AttributeError: module '__main__' has no attribute '__file__'

```Python
for i in lexer:
    print(i)
```

### Section 190.4: Part 2: Parsing Tokenized Input with Yacc

In [2]:
# Yacc example
import ply.yacc as yacc
# Get the token map from the lexer. This is required.
from calclex import tokens
def p_expression_plus(p):
    'expression : expression PLUS term'
    p[0] = p[1] + p[3]
def p_expression_minus(p):
    'expression : expression MINUS term'
    p[0] = p[1] - p[3]
def p_expression_term(p):
    'expression : term'
    p[0] = p[1]
def p_term_times(p):
    'term : term TIMES factor'
    p[0] = p[1] * p[3]
def p_term_div(p):
    'term : term DIVIDE factor'
    p[0] = p[1] / p[3]
def p_term_factor(p):
    'term : factor'
    p[0] = p[1]
def p_factor_num(p):
    'factor : NUMBER'
    p[0] = p[1]
def p_factor_expr(p):
    'factor : LPAREN expression RPAREN'
    p[0] = p[2]
# Error rule for syntax errors
def p_error(p):
    print("Syntax error in input!")
# Build the parser
parser = yacc.yacc()
while True:
    try:
        s = raw_input('calc > ')
    except EOFError:
        break
    if not s: continue
    result = parser.parse(s)
    print(result)

LexToken(NUMBER,10,1,0)
LexToken(PLUS,'+',1,3)
LexToken(NUMBER,5,1,5)


KeyError: '__file__'

**Breakdown**

+ Each grammar rule is defined by a function where the docstring to that function contains the appropriate context-free grammar specification. The statements that make up the function body implement the semantic actions of the rule. Each function accepts a single argument p that is a sequence containing the values of
each grammar symbol in the corresponding rule. The values of p[i] are mapped to grammar symbols as shown here:
```Python
def p_expression_plus(p):
    'expression : expression PLUS term'
    # ^ ^ ^ ^
    # p[0] p[1] p[2] p[3]
    p[0] = p[1] + p[3]
```

+ For tokens, the "value" of the corresponding p[i] is the same as the p.value attribute assigned in the lexer
module. So, PLUS will have the value + .

+ For non-terminals, the value is determined by whatever is placed in p[0] . If nothing is placed, the value is
None. Also, p[-1] is not the same as p[3] , since p is not a simple list ( p[-1] can specify embedded actions
(not discussed here)).

+ The p_error(p) rule is defined to catch syntax errors (same as yyerror in yacc/bison).

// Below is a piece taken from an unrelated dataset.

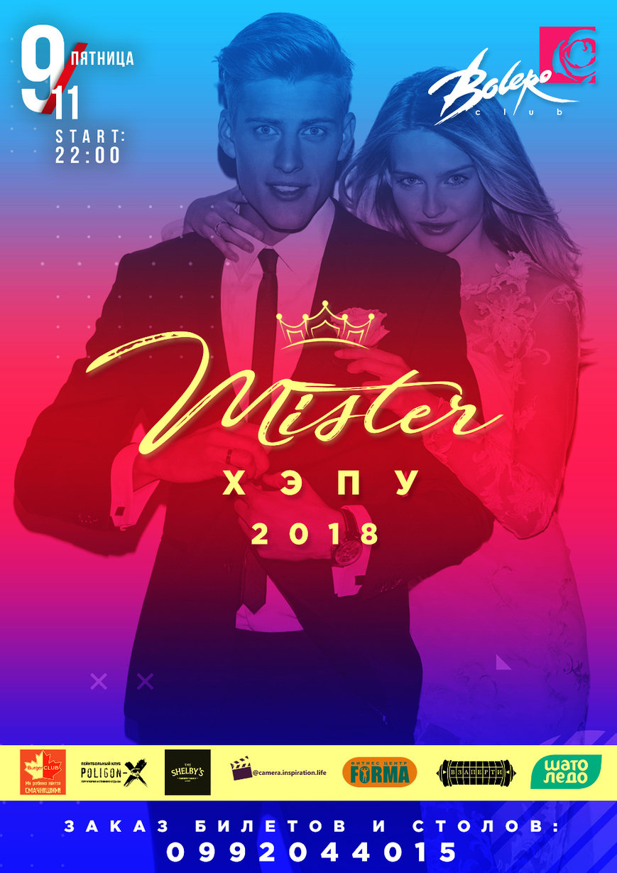 9 ноября в ночном клубе Болеро состоится ежегодный конкурс красоты, мужества и таланта среди студентов Харьковского экономико-правового университета "Мистер ХЭПУ 2018"!

+ Multiple grammar rules can be combined into a single function, which is a good idea if productions have a
similar structure.

```Python
def p_binary_operators(p):
    '''expression : expression PLUS term
    | expression MINUS term
    term : term TIMES factor
    | term DIVIDE factor'''
    if p[2] == '+':
        p[0] = p[1] + p[3]
    elif p[2] == '-':
        p[0] = p[1] - p[3]
    elif p[2] == '*':
        p[0] = p[1] * p[3]
    elif p[2] == '/':
        p[0] = p[1] / p[3]
```

+ Character literals can be used instead of tokens.

```Python
def p_binary_operators(p):
    '''expression : expression '+' term
    | expression '-' term
    term : term '*' factor
    | term '/' factor'''
    if p[2] == '+':
        p[0] = p[1] + p[3]
    elif p[2] == '-':
        p[0] = p[1] - p[3]
    elif p[2] == '*':
        p[0] = p[1] * p[3]
    elif p[2] == '/':
        p[0] = p[1] / p[3]
```
Of course, the literals must be specified in the lexer module.

+ Empty productions have the form '''symbol : '''
+ To explicitly set the start symbol, use start = 'foo' , where foo is some non-terminal.
+ Setting precedence and associativity can be done using the precedence variable.

```Python
precedence = (
    ('nonassoc', 'LESSTHAN', 'GREATERTHAN'), # Nonassociative operators
    ('left', 'PLUS', 'MINUS'),
    ('left', 'TIMES', 'DIVIDE'),
    ('right', 'UMINUS'), # Unary minus operator
)
```
Tokens are ordered from lowest to highest precedence. nonassoc means that those tokens do not associate. This means that something like a < b < c is illegal whereas a < b is still legal.

+ parser.out is a debugging file that is created when the yacc program is executed for the first time. Whenever a shift/reduce conflict occurs, the parser always shifts.